■ Work task ■
Each record that follows should be repeated exactly, minus any images.

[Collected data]
*** Begin section ***

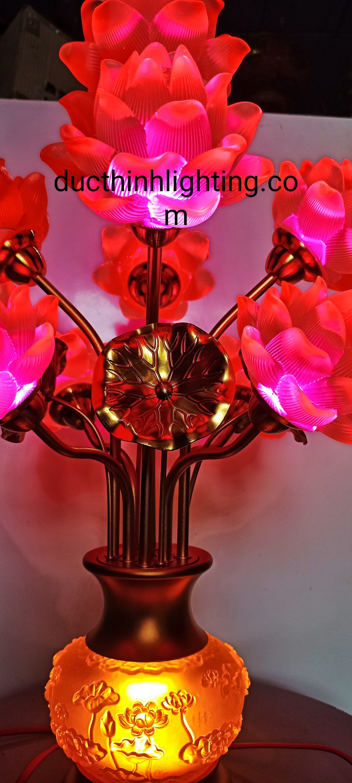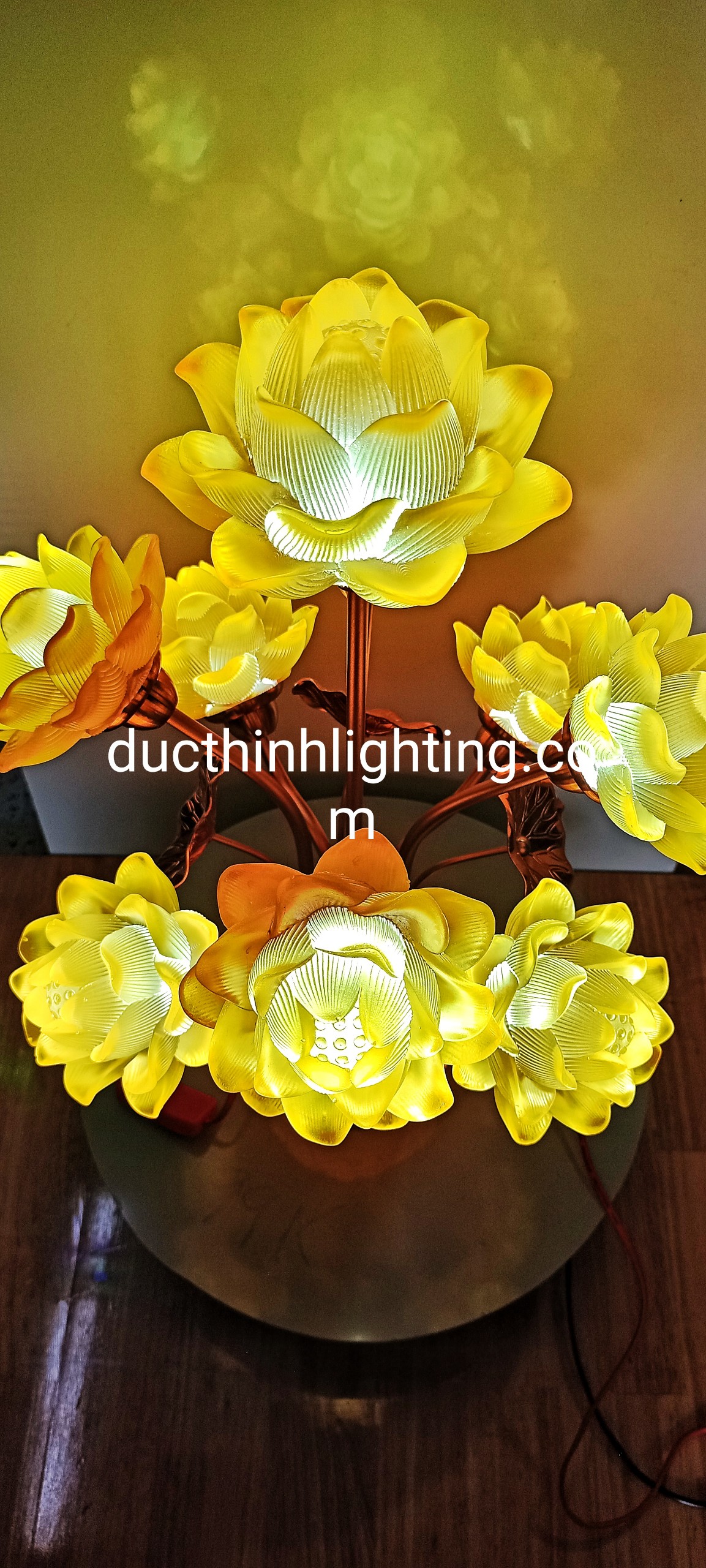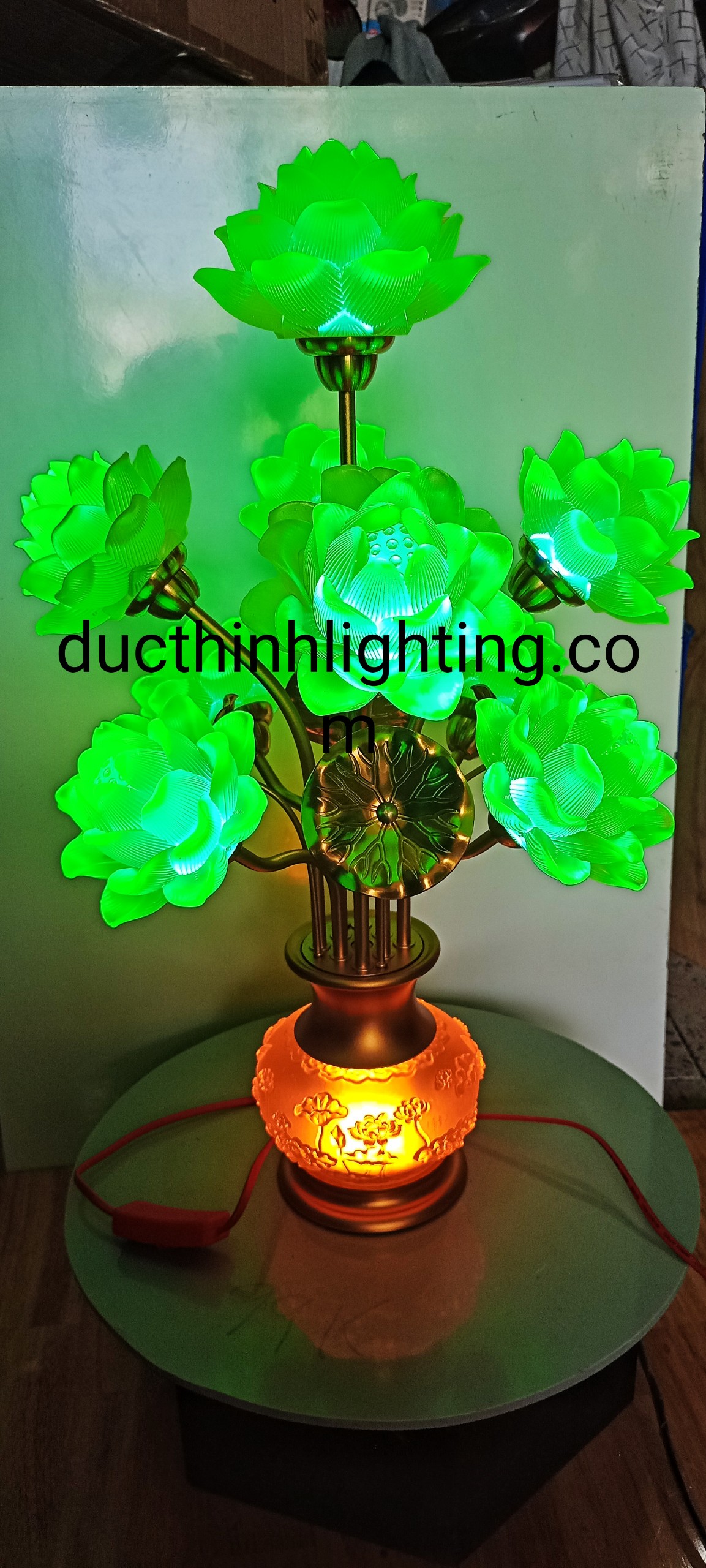 Đèn lưu ly 9 bông sen tự động đổi màu là sản phẩm trang trí độc đáo và đẹp mắt. Với chất liệu nhựa vàng ABS và hộp kim đồng thau, sản phẩm có độ bền cao và dễ dàng vệ sinh. Kích thước của đèn là 53cm x 35cm, phù hợp với nhiều không gian trang trí khác nhau.
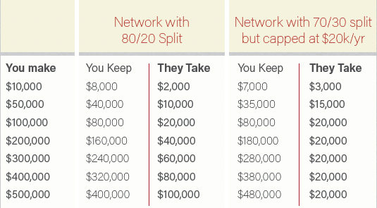 Networks and alliances make money in three ways – fees, bonuses, and commission splits. To determine which network has the best financial offering for you, you’ll need to weigh each alliance’s fee and compensation structure on those three things.
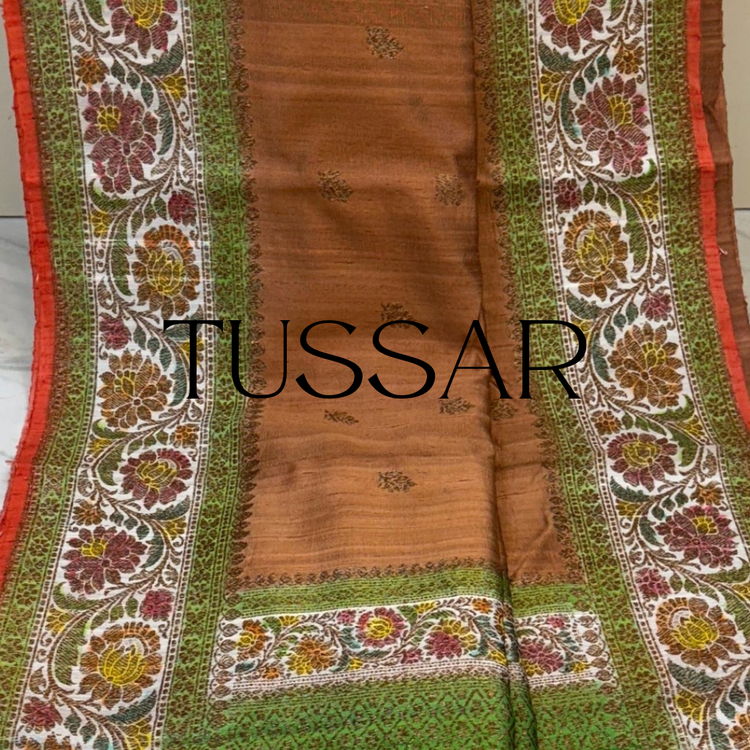 Tussar silk, also known as Tussah or Kosa silk, is a coarse, copperish silk fabric made from the cocoons of silk moths. The silkworms feed on plants like asan and Arjun, lending it a distinct charm that sets it apart from cultivated silk varieties. Pure tussar silk sarees are hand spun and colored with natural dyes. The use of natural vegetable dyes makes the fabric eco-friendly and sustainable.
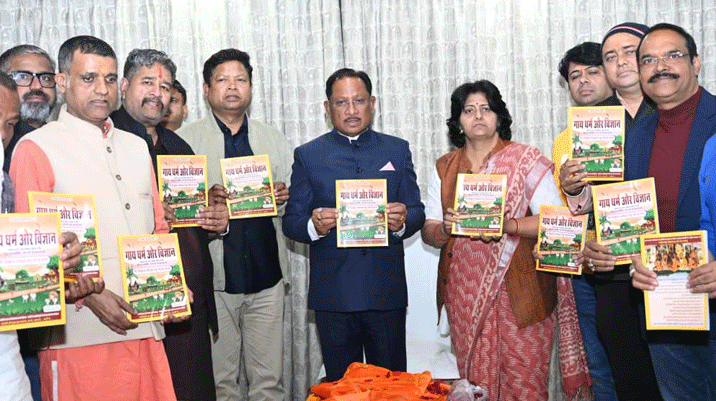 मुख्यमंत्री विष्णु देव साय ने ‘गाय धर्म एवं विज्ञान’ ग्रंथ का किया विमोचन
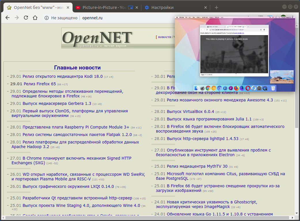 >>Включена по умолчанию возможность просмотра видео поверх контента в режиме "картинка в картинке" (Picture-In-Picture), позволяющем отсоединить видео в форме плавающего окна, которое остаётся на виду в процессе навигации в браузере. Для просмотра в данном режиме видео с YouTube необходимо два раза кликнуть на видео правой кнопкой мыши и выбрать режим "Picture in picture".
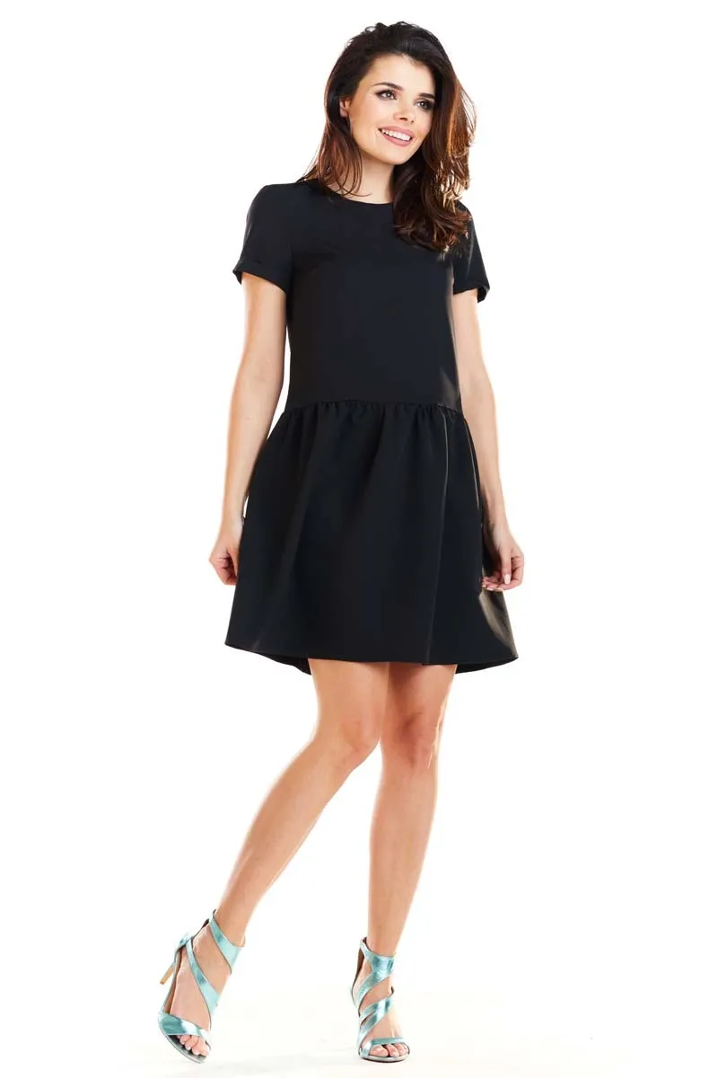 Czarna Letnia Sukienka z Marszczonym Dołem
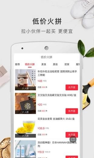 1、低价火拼:每周精选商家好货,邀请朋友圈小伙伴一起拼团享受低价;
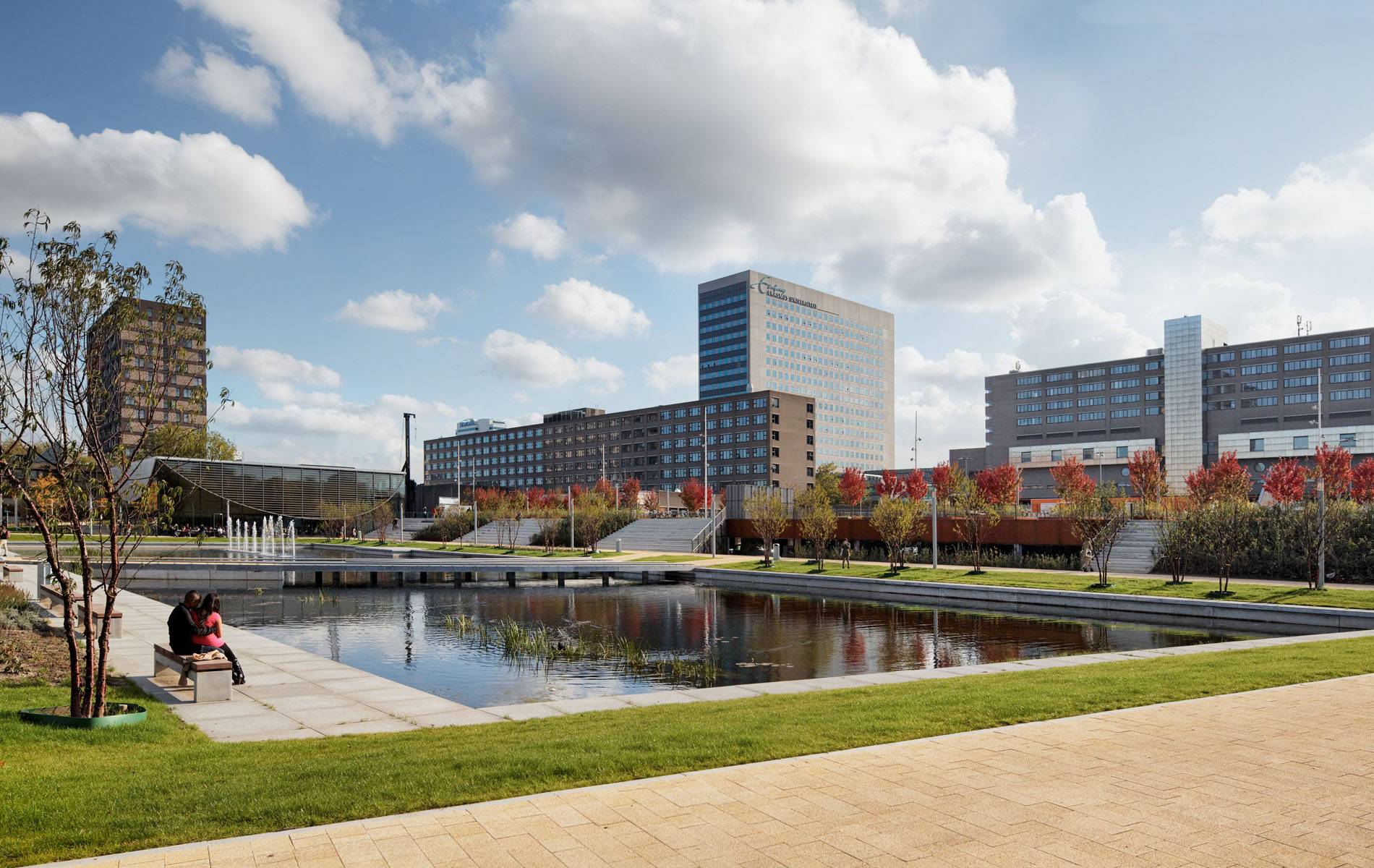 The Erasmus university will enhance its (inter)national exposure and flair and robustness towards the future, through the entire redevelopment of its Woudestein campus, in Rotterdam. A new program will be incorporated including student housing, a student pavilion, student facilities and study spaces and faculties. The current campus complex is a legacy of the 1960’s and subsequent years of short term planning. With this master plan operation, the campus will realize a qualitative jump, by incorporating global success factors onto the campus. New clear main entrances, a transparent internal spatial organization, a car-free redesigned outside space, a large half sunk parking garage, a new water body are just a few elements of the integrated new master plan that will reshape the face of the campus in the coming years.
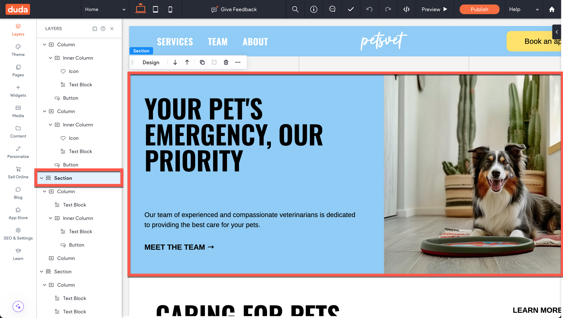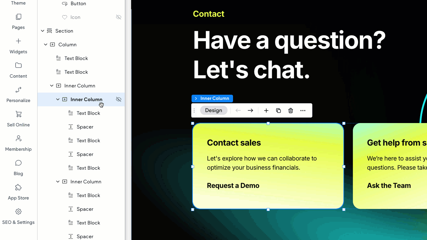 In Duda, a clear parent-child relationship governs your page structure, giving you precise control over your layouts.
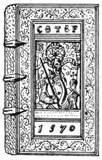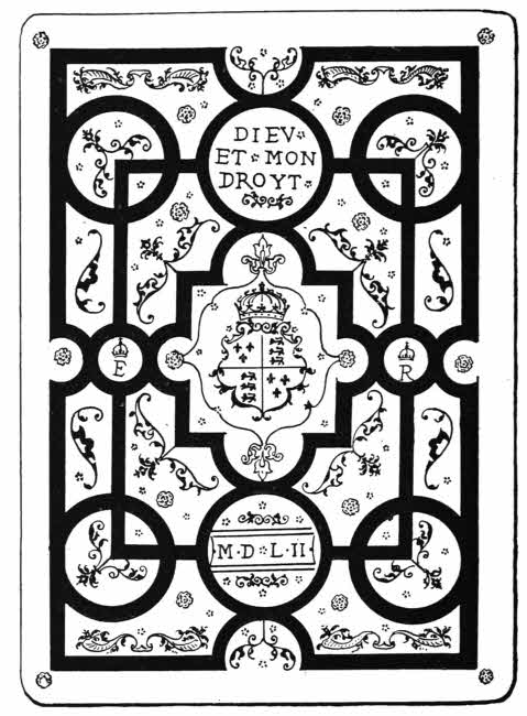 The most gorgeous period of French bookbinding was that of Henri II. and his children. Henri himself loved fine bindings, and so did Catherine de Medici, but unfortunately we do not know who executed them. They are in calf or morocco, and nearly always have coloured fillets. Those which were bound for Diane de Poictiers, Duchesse de Valentinois,[234] are equally remarkable, and all of them have, as a rule, heraldic ornamentation. A fine portrait cameo stamp, however, of Henri II. appears as a centrepiece on some of his bindings, and the name Dianne appears on one of Diane’s now in the Bibliothèque Nationale at Paris.
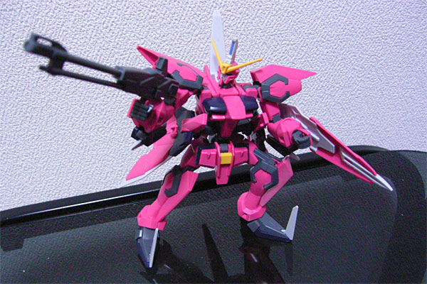 さて、この辺でムズかしい話はヤメて、完成したイージスを見てもらおう。Seedのプラモデルを作ったのは初めてなので、他と比較はできないが、このイージスは変形するため、他のモノより基本的な強度が劣っているとは思うが、ちゃんと自立するし、スタイルもかなりのモノだと思う。昔のモノに比べたら、ポーズの自由度も格段に高い。かなり遊べるといえよう。
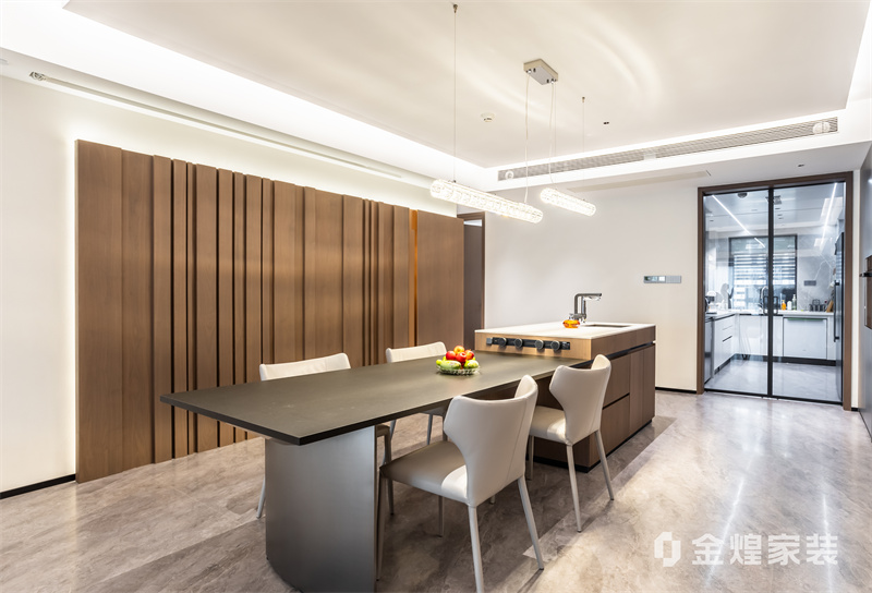 该设计以无主灯设计、岩板与木作结合,打造通透大气的现代轻奢大平层,兼具质感与生活温度。
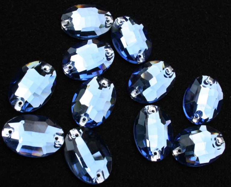 Ovális alakú varrható kristálykő kék színben, 11x16, 17x24 mm-es méretben. Csillogó, prémium csiszolású kő. Anyaga: kristályüveg.
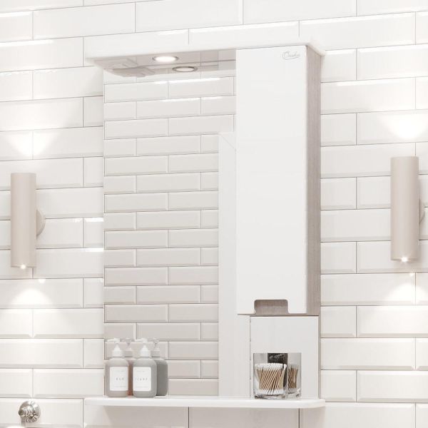 Шкаф-зеркало с подсветкой Onika Харпер 205216 правый 52см белый глянцевый купить
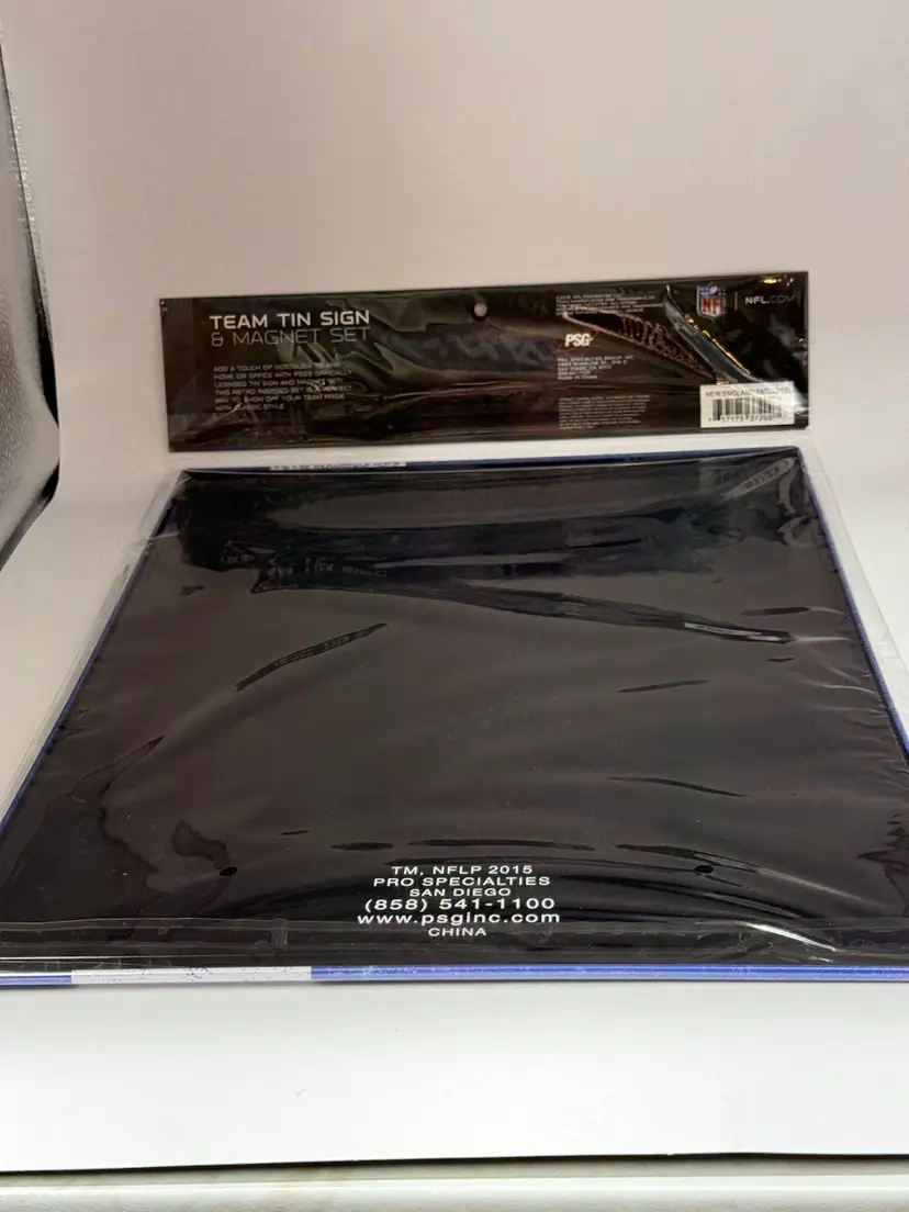 Show your love for the New England Patriots with this officially licensed NFL team tin sign and magnet set. Measuring 16"x12", the sign features the team's iconic logo and is perfect for hanging in your home or office. The magnet is great for adding to your collection or for showing off your team spirit on your refrigerator or any magnetic surface.

*** End section ***

■ Output ■
 Đèn lưu ly 9 bông sen tự động đổi màu là sản phẩm trang trí độc đáo và đẹp mắt. Với chất liệu nhựa vàng ABS và hộp kim đồng thau, sản phẩm có độ bền cao và dễ dàng vệ sinh. Kích thước của đèn là 53cm x 35cm, phù hợp với nhiều không gian trang trí khác nhau.
 Networks and alliances make money in three ways – fees, bonuses, and commission splits. To determine which network has the best financial offering for you, you’ll need to weigh each alliance’s fee and compensation structure on those three things.
 Tussar silk, also known as Tussah or Kosa silk, is a coarse, copperish silk fabric made from the cocoons of silk moths. The silkworms feed on plants like asan and Arjun, lending it a distinct charm that sets it apart from cultivated silk varieties. Pure tussar silk sarees are hand spun and colored with natural dyes. The use of natural vegetable dyes makes the fabric eco-friendly and sustainable.
 मुख्यमंत्री विष्णु देव साय ने ‘गाय धर्म एवं विज्ञान’ ग्रंथ का किया विमोचन
 >>Включена по умолчанию возможность просмотра видео поверх контента в режиме "картинка в картинке" (Picture-In-Picture), позволяющем отсоединить видео в форме плавающего окна, которое остаётся на виду в процессе навигации в браузере. Для просмотра в данном режиме видео с YouTube необходимо два раза кликнуть на видео правой кнопкой мыши и выбрать режим "Picture in picture".
 Czarna Letnia Sukienka z Marszczonym Dołem
 1、低价火拼:每周精选商家好货,邀请朋友圈小伙伴一起拼团享受低价;
 The Erasmus university will enhance its (inter)national exposure and flair and robustness towards the future, through the entire redevelopment of its Woudestein campus, in Rotterdam. A new program will be incorporated including student housing, a student pavilion, student facilities and study spaces and faculties. The current campus complex is a legacy of the 1960’s and subsequent years of short term planning. With this master plan operation, the campus will realize a qualitative jump, by incorporating global success factors onto the campus. New clear main entrances, a transparent internal spatial organization, a car-free redesigned outside space, a large half sunk parking garage, a new water body are just a few elements of the integrated new master plan that will reshape the face of the campus in the coming years.
 In Duda, a clear parent-child relationship governs your page structure, giving you precise control over your layouts.
 The most gorgeous period of French bookbinding was that of Henri II. and his children. Henri himself loved fine bindings, and so did Catherine de Medici, but unfortunately we do not know who executed them. They are in calf or morocco, and nearly always have coloured fillets. Those which were bound for Diane de Poictiers, Duchesse de Valentinois,[234] are equally remarkable, and all of them have, as a rule, heraldic ornamentation. A fine portrait cameo stamp, however, of Henri II. appears as a centrepiece on some of his bindings, and the name Dianne appears on one of Diane’s now in the Bibliothèque Nationale at Paris.
 さて、この辺でムズかしい話はヤメて、完成したイージスを見てもらおう。Seedのプラモデルを作ったのは初めてなので、他と比較はできないが、このイージスは変形するため、他のモノより基本的な強度が劣っているとは思うが、ちゃんと自立するし、スタイルもかなりのモノだと思う。昔のモノに比べたら、ポーズの自由度も格段に高い。かなり遊べるといえよう。
 该设计以无主灯设计、岩板与木作结合,打造通透大气的现代轻奢大平层,兼具质感与生活温度。
 Ovális alakú varrható kristálykő kék színben, 11x16, 17x24 mm-es méretben. Csillogó, prémium csiszolású kő. Anyaga: kristályüveg.
 Шкаф-зеркало с подсветкой Onika Харпер 205216 правый 52см белый глянцевый купить
 Show your love for the New England Patriots with this officially licensed NFL team tin sign and magnet set. Measuring 16"x12", the sign features the team's iconic logo and is perfect for hanging in your home or office. The magnet is great for adding to your collection or for showing off your team spirit on your refrigerator or any magnetic surface.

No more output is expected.